Behind the Scenes: How We Make Billions of Forecasts 96 Times a Day
Chairman & CEO at The Weather Company
In the past several months, we have improved the accuracy of precipitation forecasts by another 15% and the accuracy of temperature forecasts by 2 degrees Fahrenheit. This is entirely because we are now forecasting for every location on Earth (at least 3 billion named locations) instead of mapping people to the approximately 2MM locations where forecasts have traditionally been done.
….mobile access is always current. So this means that our current day forecasts are now updated 96 times per day, and days 2-15 are updated at least 24 times per day.
….Our new forecasting platform is the largest application in the Amazon Web Services cloud. We are currently scaled to deliver 115,000 unique forecasts per second, or more than 10 Billion forecasts per day.

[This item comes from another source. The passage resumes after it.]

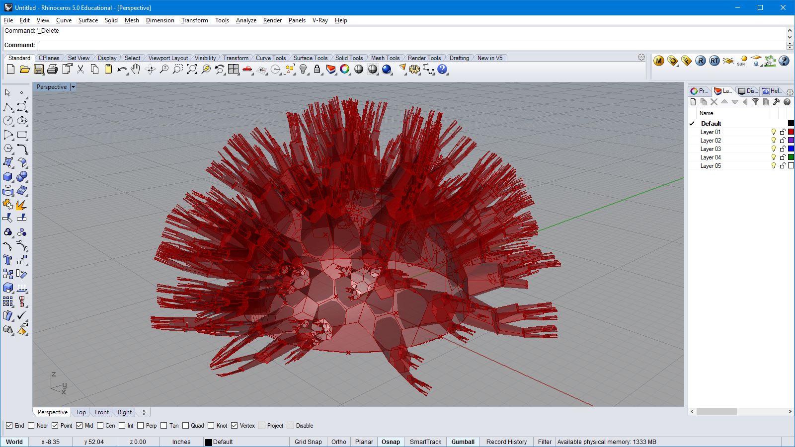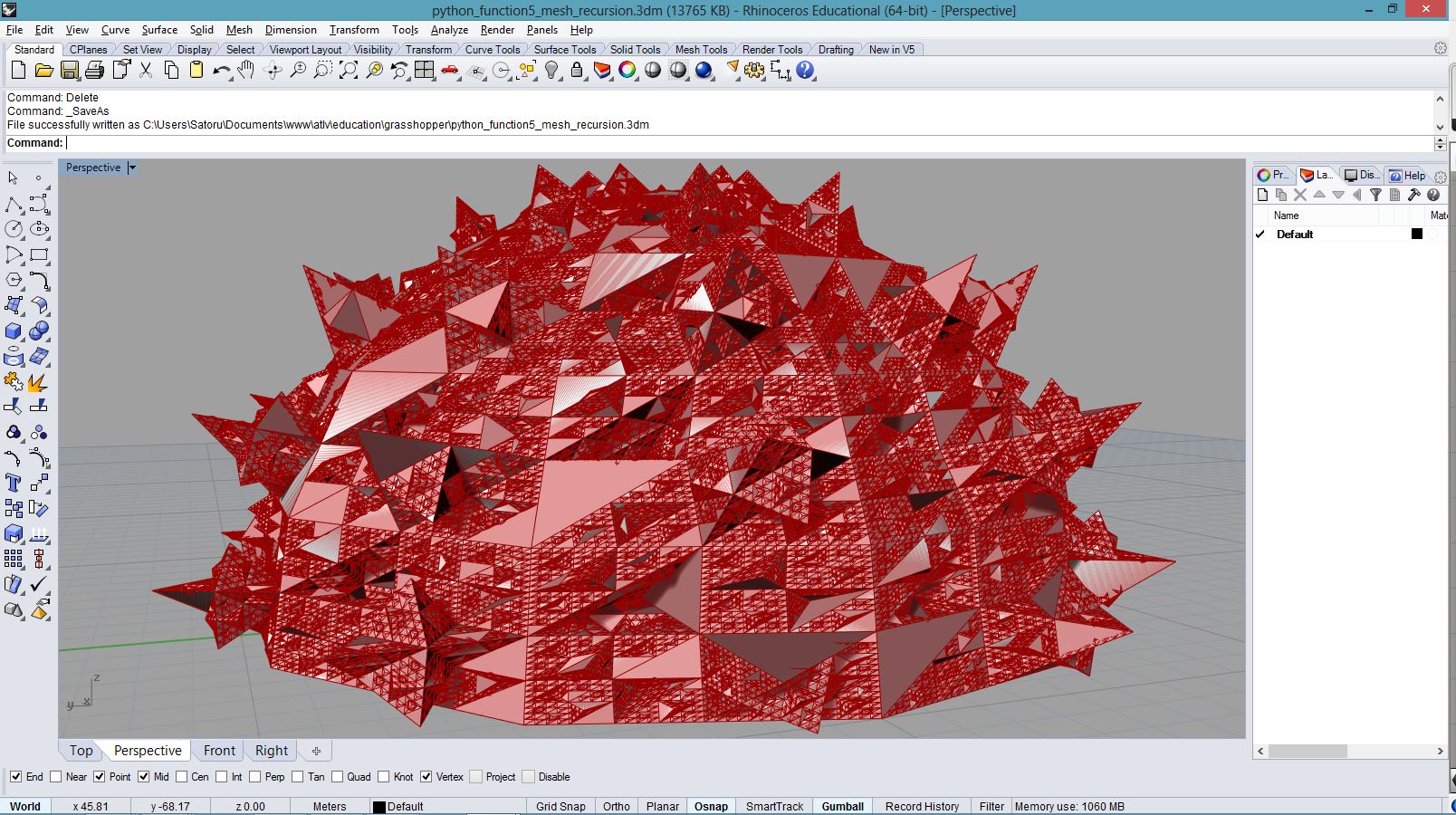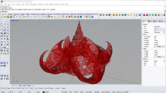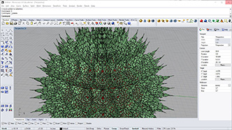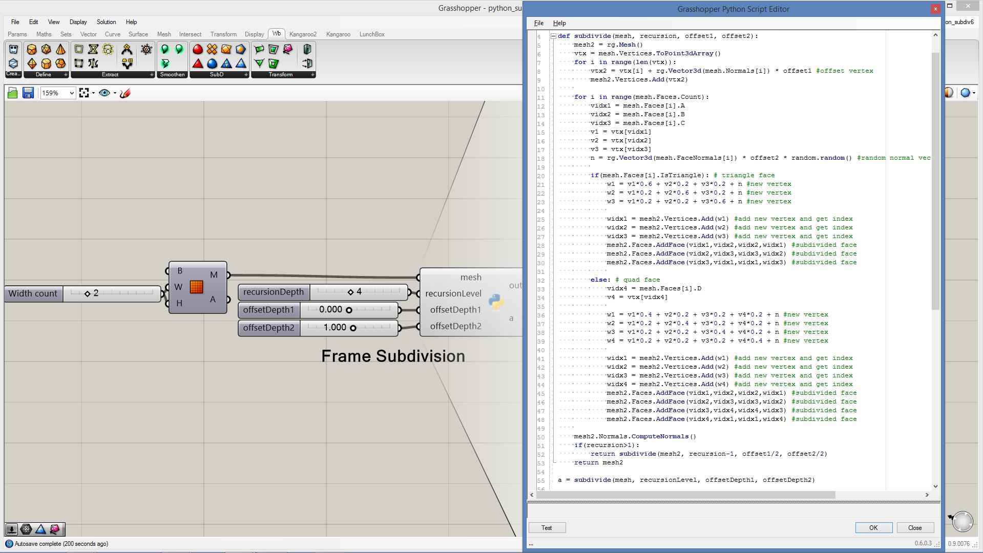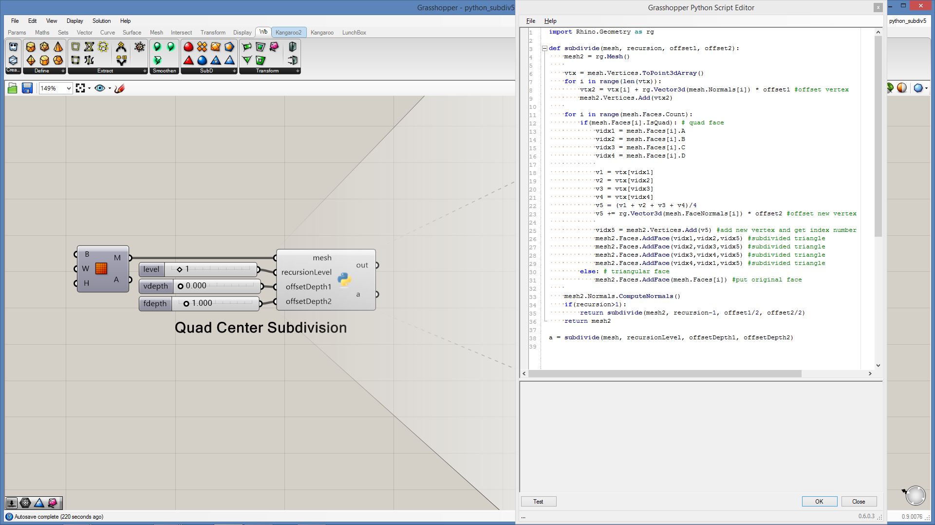 # this subdivided mesh faces by recursive function # input type - Mesh (Item Access) import rhinoscriptsyntax as rs import Rhino.Geometry as rg import random import math def subdivide(pt1, pt2, pt3, depth, resultList): if(depth == 0 or random.random()<0.1): # random omission v1 = rg.Point3f(pt1.X, pt1.Y, pt1.Z); v2 = rg.Point3f(pt2.X, pt2.Y, pt2.Z); v3 = rg.Point3f(pt3.X, pt3.Y, pt3.Z); resultList.append([v1,v2,v3]) else: npt1 = (pt1+pt2)/2 npt2 = (pt2+pt3)/2 npt3 = (pt3+pt1)/2 npt4 = (npt1+npt2+npt3)/3 normal = normalVector(pt1,pt2,pt3) npt4 += normal*0.06*math.sqrt(depth) subdivide(npt1, pt1, npt3, depth-1, resultList) subdivide(npt2, pt2, npt1, depth-1, resultList) subdivide(npt3, pt3, npt2, depth-1, resultList) subdivide(npt1, npt2, npt4, depth-1, resultList) subdivide(npt2, npt3, npt4, depth-1, resultList) subdivide(npt3, npt1, npt4, depth-1, resultList) def normalVector(pt1, pt2, pt3): vec1 = rg.Vector3d.Subtract(rg.Vector3d(pt2),rg.Vector3d(pt1)) vec2 = rg.Vector3d.Subtract(rg.Vector3d(pt3),rg.Vector3d(pt1)) return rg.Vector3d.CrossProduct(vec1, vec2) # main a = [] vertices = [] for face in mesh.Faces: pt1 = rg.Vector3d(mesh.Vertices[face.A]) pt2 = rg.Vector3d(mesh.Vertices[face.B]) pt3 = rg.Vector3d(mesh.Vertices[face.C]) subdivide(pt1, pt2, pt3, 5, vertices) if(face.IsQuad): pt4 = rg.Vector3d(mesh.Vertices[face.D]) subdivide(pt1, pt4, pt3, 5, vertices) # reverse order mesh2 = rg.Mesh() for vtx in vertices: idx = mesh2.Vertices.Count mesh2.Vertices.Add(vtx[0]) mesh2.Vertices.Add(vtx[1]) mesh2.Vertices.Add(vtx[2]) mesh2.Faces.AddFace(idx, idx+1, idx+2) a = mesh2

….We are voracious consumers of data to make this happen. We build on the incredibly skillful global models of government agencies, such as NOAA and ECMWF, as well as models built by some of the world’s great universities and research organizations. We add the data we collect from airplanes (who provide that data as part of our aviation weather service contracts with most airlines and private operators.) We also work with tens of thousands of individuals who buy and build personal weather stations, connect those stations to our Weather Underground network and send us their own weather data every 2.5 seconds. And we are exploring new potential observations from home sensors, windshield wipers, smartphone air pressure gages, and literally billions of additional sources that can sustain this faster rate of innovation and improved forecasting skill.
….Two years ago, we began creating this new forecasting system. The bulk of the work was building the statistical optimization to calibrate and blend the world’s best global weather models. And then we supported these algorithms with more and faster computing power, as well as more observations, to enable constant machine learning. At the same time, machine learning and algorithmic forecasts sometimes miss enough color for people to truly know what the forecast means, and how to act. So we invented an exception process when our human meteorologists and social scientists need to interpret and verbalize certain forecasts, especially when life and property-threatening storm systems are predicted.